Money can’t buy happiness, but it can motivate you to live a better life! Metro-Atlanta rapper Frank Hugo knows what it’s like to have started from having nothing. Growing up poor, he remembers being four years old, living with his great-grandmother and great aunt in a two-bedroom home with 12 other relatives. At the age of 5, he was introduced to violence when he saw someone get killed. At age 7, he went to live with his mom and met his dad for the first time; that same year, his dad was arrested and sent to prison. At age 8, Frank’s mom loved the streets, which caused him and his siblings to be placed into the system for about two years; foster care felt more like a prison because he didn’t get any visits. At age 10, the house he was living in with his mom completely burned down, which almost killed him, and for the next few years, they were on the move, and he never made friends and had to grow up quickly. When he became a teenager, he was framed by cops, expelled from high school in the 12th grade, and had a shotgun put to his head by the police. After being involved in a couple of shoot outs, catching charges, and living in a laundromat as a teenager, he witnessed his best friend get sentenced to 20 years before they both turned 20. Frank then promised to change his life for the good: he went to college, graduated, purchased a house, and became an entrepreneur before 23. His drive doesn’t just reflect in his music but his entrepreneurial ventures as well. He is the CEO and executive music producer for his record label Brick Money Records (BMR) and a real estate investor, personal trainer, event promoter, and tax accountant at his own firm that he has owned for ten years. His music is a mirror image of his business outcomes, so if money is a result, you can be sure it’ll be the focal point of his videos.

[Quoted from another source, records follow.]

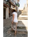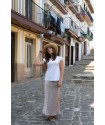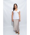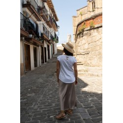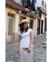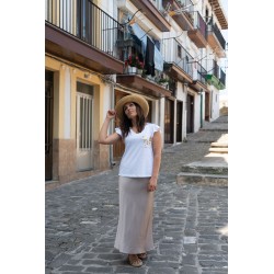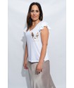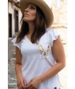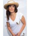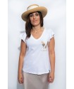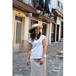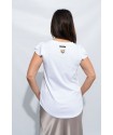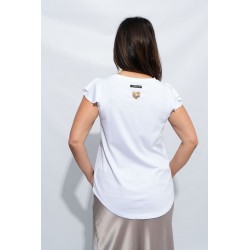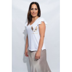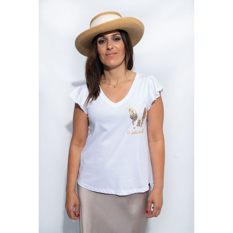 Camiseta Loluca Gold de El Sueño de Lola. Camiseta blanca con cuello pico y manga de volante muy favorecedora y original. Lleva bordado en el pecho en pailletes dorados el logo de la marca así como un corazón en la parte superior trasera.
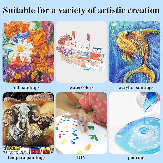 - Pure Cotton Canvases:Compared with ordinary paint canvas,cotton canvases are easier to color,so that your painting stays bright,not easy to break,art canvases for painting suitable for oil painting,watercolors,acrylic paintings,tempera paintings,pouring,Gouache and Tempera,etc.
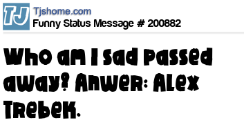 - # 104375 glad Alex Trebek's life isn't in *puts sunglasses on* jeopardy.. actually I really don't care.
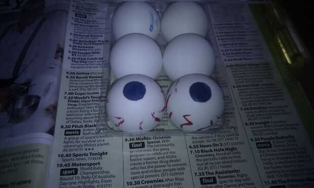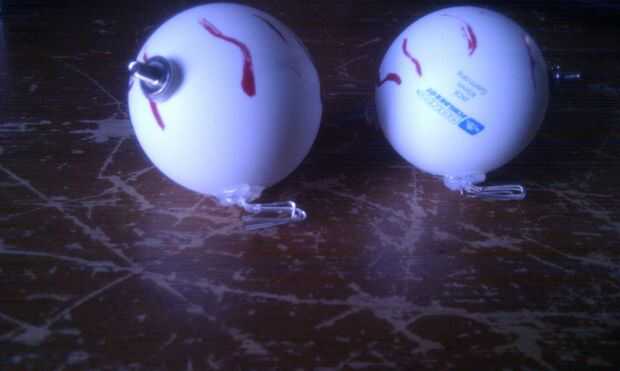 Utilizando pintura para hacer pintura en una pupila y algunos rojos de la sangre de modelo tiro las venas. Elegir ojos azules, pero el color es depende de ti.
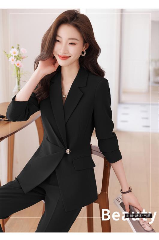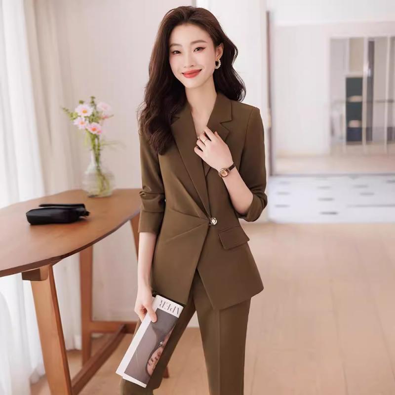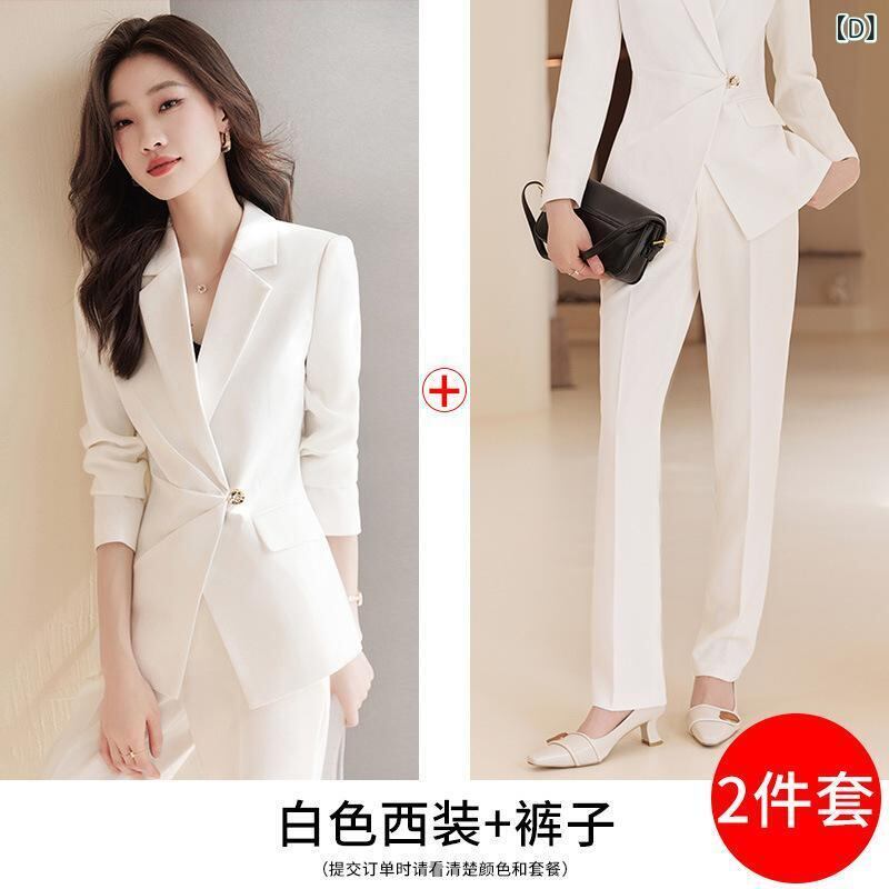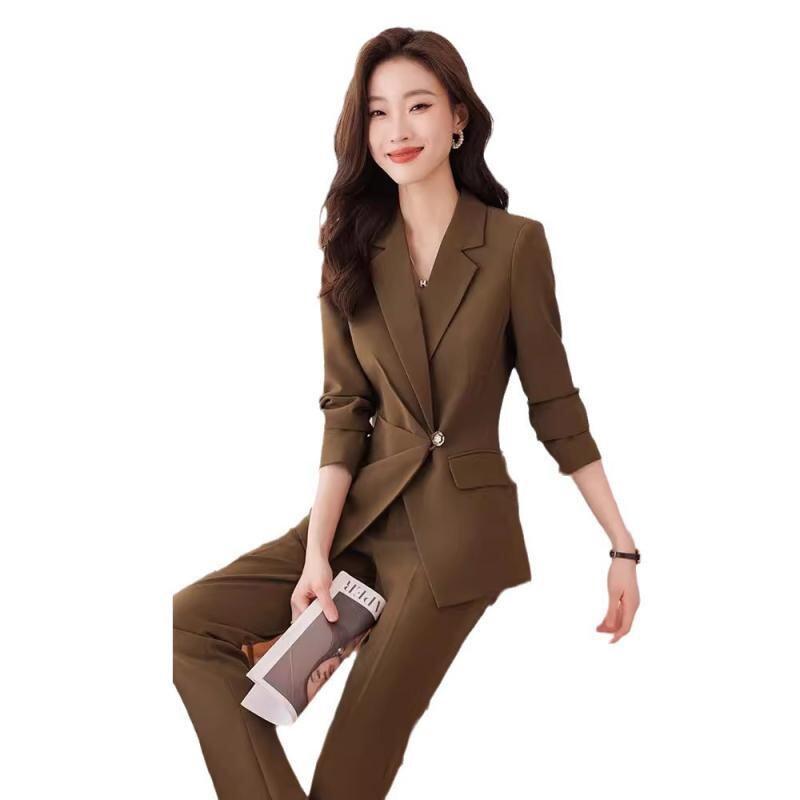 スーツ レディース 春秋 オフィス ビジネス 通勤 サロンワーク 制服 事務服 ユニフォーム 上品 エレガント きれいめ 長袖 ジャケット ロングパンツ セットアップ ポリエステル 白 黒 コーヒー色

His last music video, “CEO Flow,” was a not-so-subtle flex of where the boss’s mindset got him: overflowing shopping bags and executive clout. Hugo’s motto is, “Hardbody never folding for nothing or nobody,” meaning that no matter what, he won’t hesitate to put the haters in their place. Other rappers can step aside and let the boss show you how it’s done.
Frank Hugo’s past problem used to be entanglements with the court system; now, his biggest dilemmas are not knowing where to store his cash stacks. In his new music video “Count It Up,” you can already surmise what the CEO is counting. The crew is adding up their bills and storing them in large garbage bags in the attic, the only bags big enough to fit all their bread and the only area of the house they know their money is secure. Of course, they’re accompanied by beautiful women who make sure to keep them entertained. Hugo doesn’t just count; he makes sure to spend (and flaunt) the money he’s organizing. They roll up to the jewelers in a Bentley and are no strangers to the man behind the counter; they dab him up right when they enter the store. As if they weren’t iced out enough, Hugo and his team get more rocks to make them shine. When you’ve made it this far, you have every right to show off your success after all the holdups you’ve prevailed through.